The copy you return must match the listing word for word and carry no pictures.

• [Given data]
==================================================

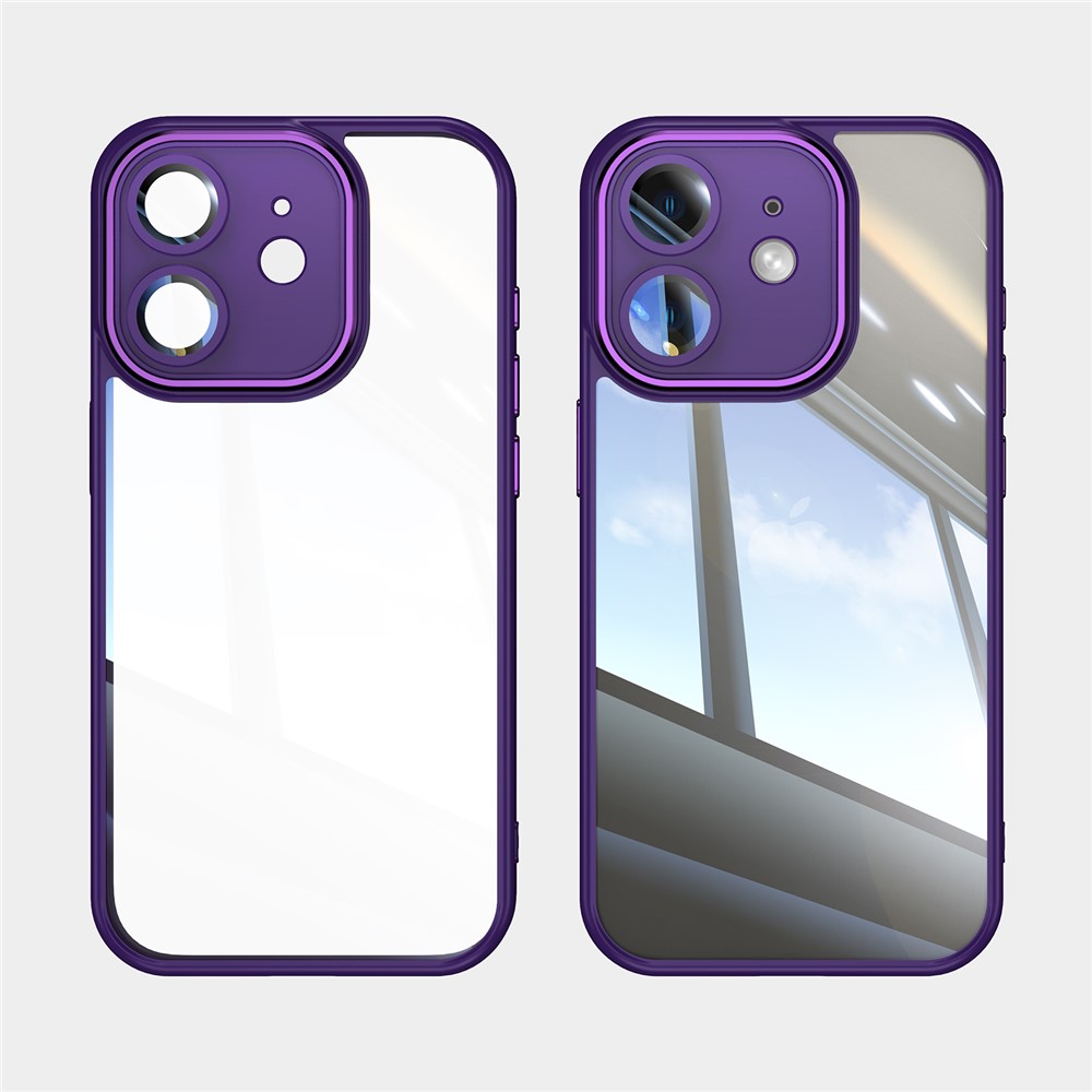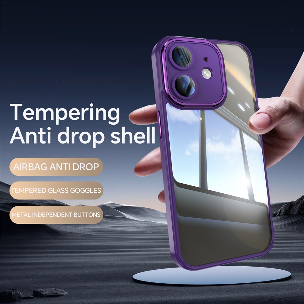 For iPhone 12 6.1 inch TPU Case WANLONFENG Shockproof Clear Phone Cover with Tempered Glass Film – Dark Purple
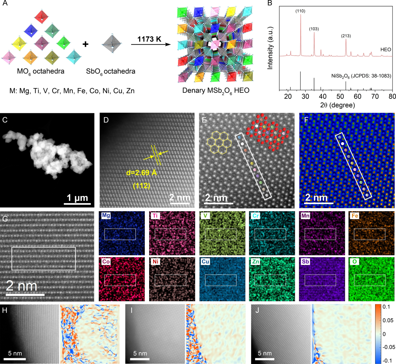 图2:十元高熵MSb2O6的结构表征与应力分析。
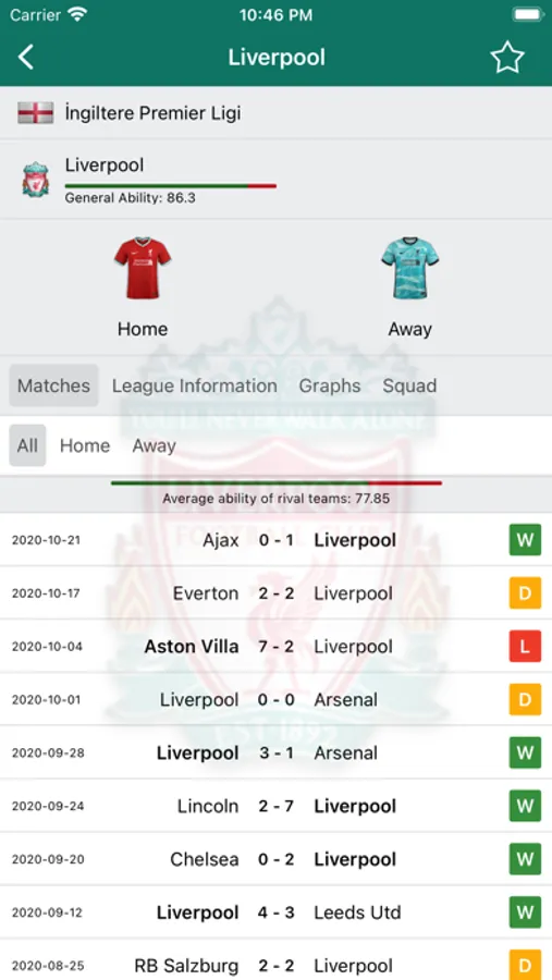 Apart from that, you can follow the live scores of the current day's matches. You can add the matches you want to your favorites list,
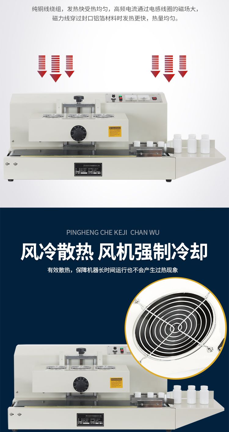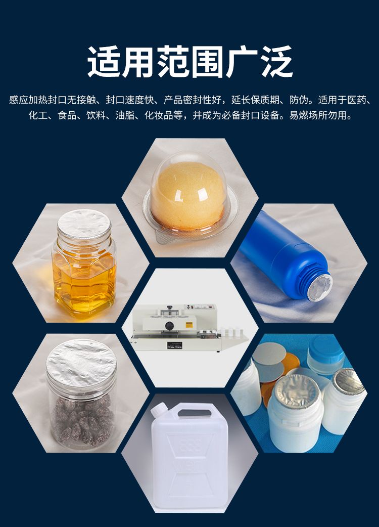 感应加热封口无接触,封口速度快,产品密封性好,延长保质期,防伪。适用于医药,化工,食品,饮料,油脂,化妆品等,并成为必备封口设备。易燃场所勿用!使用于环境条件较好,必须在干燥,清洁,无尘,无腐蚀性气体和空气流通的环境中使用,并远离各种热源,不宜长时间在潮湿,酸碱腐蚀严重的环境中工作,会大大缩短设备使用寿命,本金只适用于塑料,玻璃,纸质等容器的封口作业,不适宜金属。
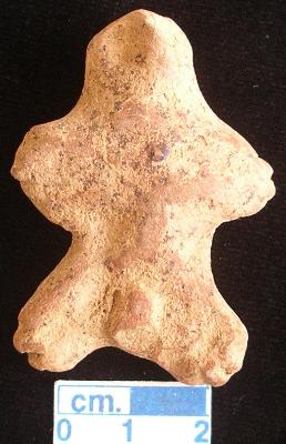 | Description / विवरण | An archaic male terracotta figurine, red, punched nose, pinched eyes, slit open mouth, short out stretched arms and legs with two incised lines in each, pinhole navel, handmade. |
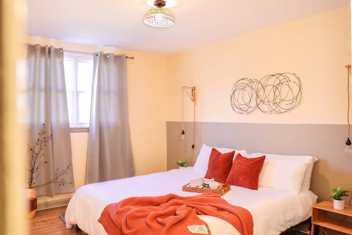 להטעין מצברים בנופש בריאות ורווחה המיועד לשלווה. תיהנו מארומתרפיה, ממכשיר אדים קריר לנשימה רגועה וכריות היפואלרגניות. תאורת אווירה מבוקרת קולית באמצעות Alexa קובעת את הטון ומקלחת יערות גשם. ממוקם בשכונה שקטה ובטוחה ליד מרכז העיר ללא רעש. 5 דקות למנייאנק ופארק פיירמאונט, מרכז מאן, מסלולי רכיבה על אופניים/הליכה ליד נהר שוילקיל. צ'ק-אין/צ'ק-אאוט גמיש (רק תבקשו!), חניה בחינם ומכונת כביסה/מייבש כביסה.
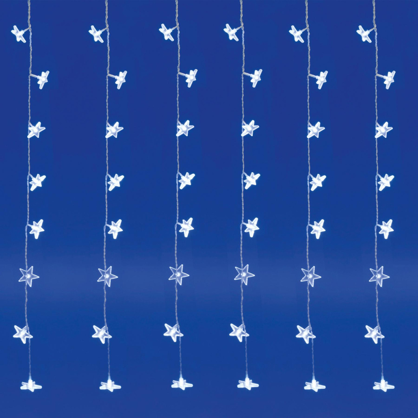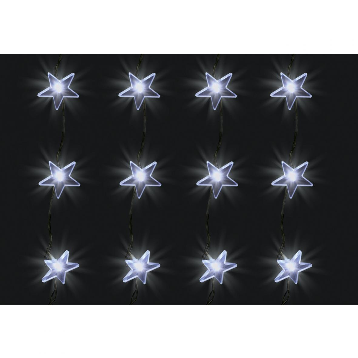 Home KAF 48L LED-es csillag fényfüggöny, 1,5x1 m / 48 db hidegfehér LED csillag figurákban, átlátszó vezeték, hálózati adapter, beltéri kivitel
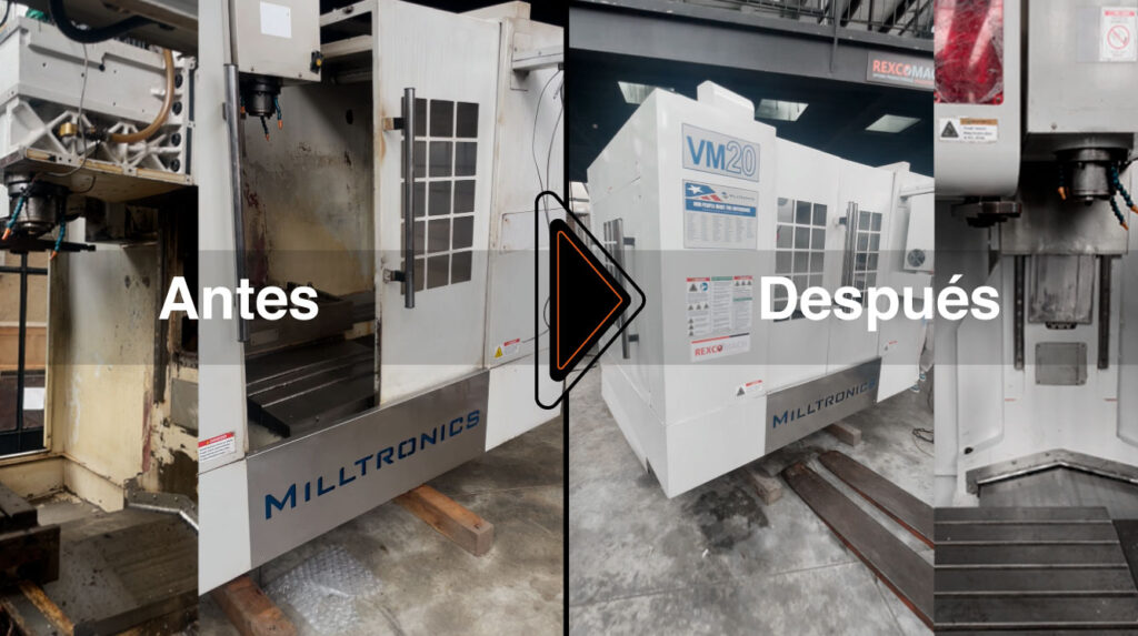 Revitalizamos una fresadora CNC Milltronics VM20 con retrofit total: control Milltronics 8200, mantenimiento mecánico y eléctrica y renovación estética.
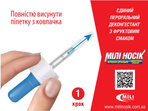 Реклама лікарського засобу. Перед застосуванням уважно ознайомтесь з інструкцією по застосуванню та проконсультуйтеся з лікарем. Зберігати у недоступному для дітей місці. Препарат відпускається в аптеках без рецепта лікаря. Тел.: + 38(044) 498-1334 e-mail: office@mili.net.ua
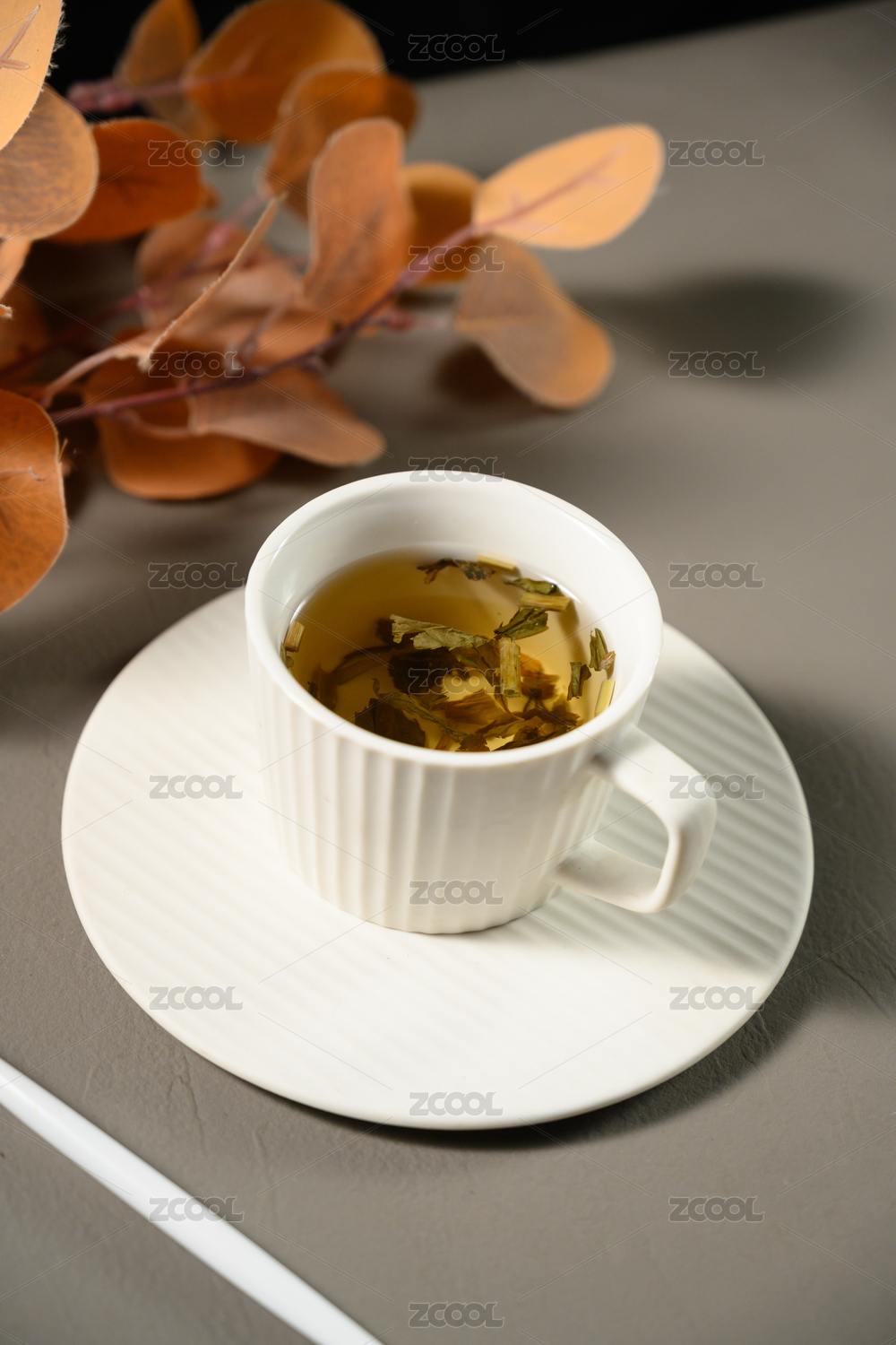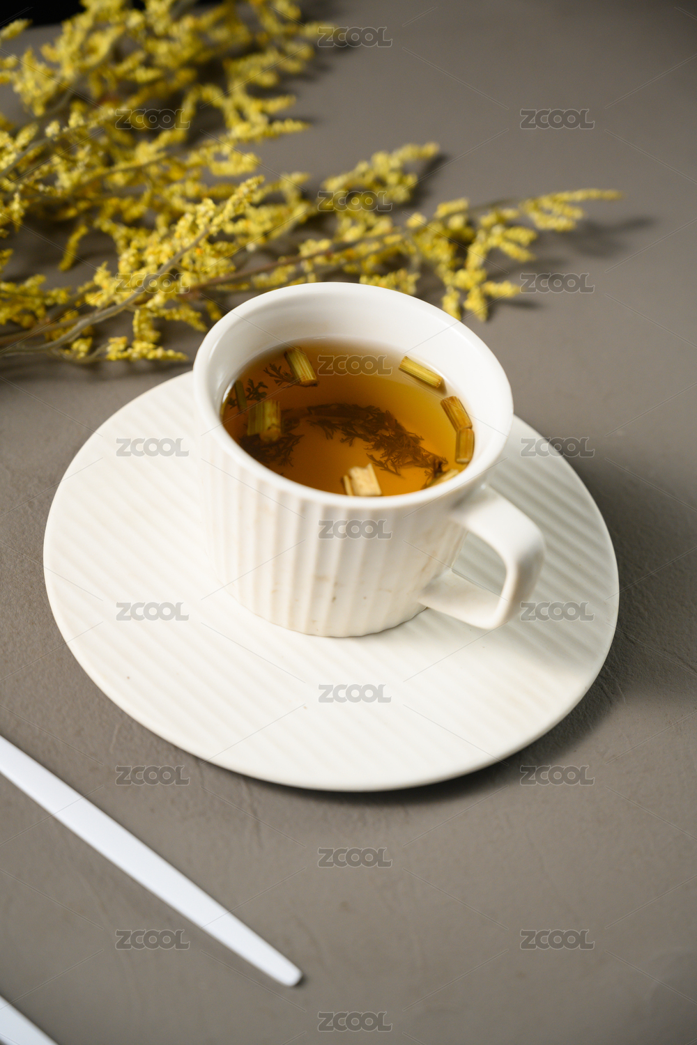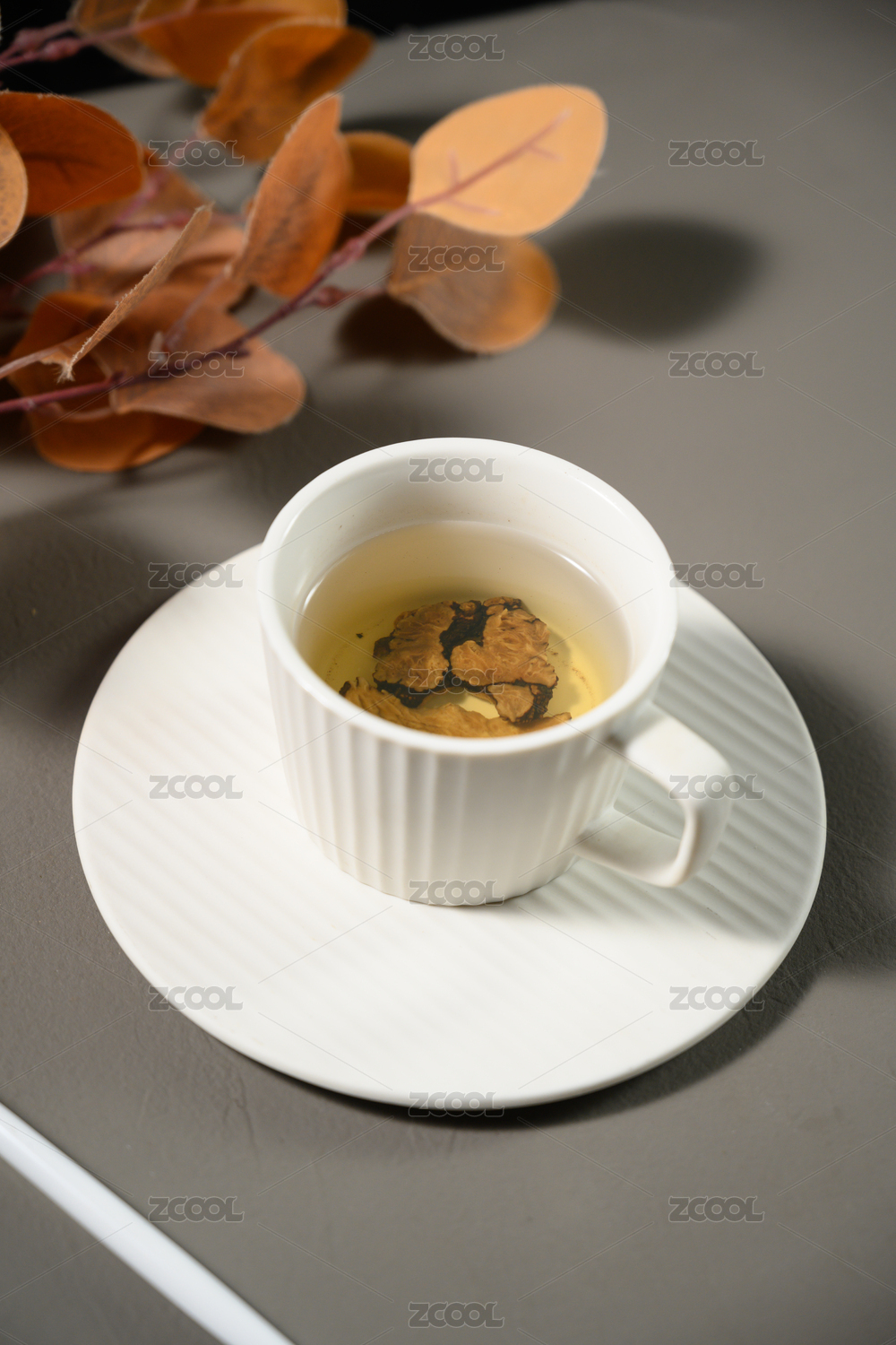 桌面上的杯子里的的甘甜可口的西洋参茶

==================================================

• [Completed exercise]
 For iPhone 12 6.1 inch TPU Case WANLONFENG Shockproof Clear Phone Cover with Tempered Glass Film – Dark Purple
 图2:十元高熵MSb2O6的结构表征与应力分析。
 Apart from that, you can follow the live scores of the current day's matches. You can add the matches you want to your favorites list,
 感应加热封口无接触,封口速度快,产品密封性好,延长保质期,防伪。适用于医药,化工,食品,饮料,油脂,化妆品等,并成为必备封口设备。易燃场所勿用!使用于环境条件较好,必须在干燥,清洁,无尘,无腐蚀性气体和空气流通的环境中使用,并远离各种热源,不宜长时间在潮湿,酸碱腐蚀严重的环境中工作,会大大缩短设备使用寿命,本金只适用于塑料,玻璃,纸质等容器的封口作业,不适宜金属。
 | Description / विवरण | An archaic male terracotta figurine, red, punched nose, pinched eyes, slit open mouth, short out stretched arms and legs with two incised lines in each, pinhole navel, handmade. |
 להטעין מצברים בנופש בריאות ורווחה המיועד לשלווה. תיהנו מארומתרפיה, ממכשיר אדים קריר לנשימה רגועה וכריות היפואלרגניות. תאורת אווירה מבוקרת קולית באמצעות Alexa קובעת את הטון ומקלחת יערות גשם. ממוקם בשכונה שקטה ובטוחה ליד מרכז העיר ללא רעש. 5 דקות למנייאנק ופארק פיירמאונט, מרכז מאן, מסלולי רכיבה על אופניים/הליכה ליד נהר שוילקיל. צ'ק-אין/צ'ק-אאוט גמיש (רק תבקשו!), חניה בחינם ומכונת כביסה/מייבש כביסה.
 Home KAF 48L LED-es csillag fényfüggöny, 1,5x1 m / 48 db hidegfehér LED csillag figurákban, átlátszó vezeték, hálózati adapter, beltéri kivitel
 Revitalizamos una fresadora CNC Milltronics VM20 con retrofit total: control Milltronics 8200, mantenimiento mecánico y eléctrica y renovación estética.
 Реклама лікарського засобу. Перед застосуванням уважно ознайомтесь з інструкцією по застосуванню та проконсультуйтеся з лікарем. Зберігати у недоступному для дітей місці. Препарат відпускається в аптеках без рецепта лікаря. Тел.: + 38(044) 498-1334 e-mail: office@mili.net.ua
 桌面上的杯子里的的甘甜可口的西洋参茶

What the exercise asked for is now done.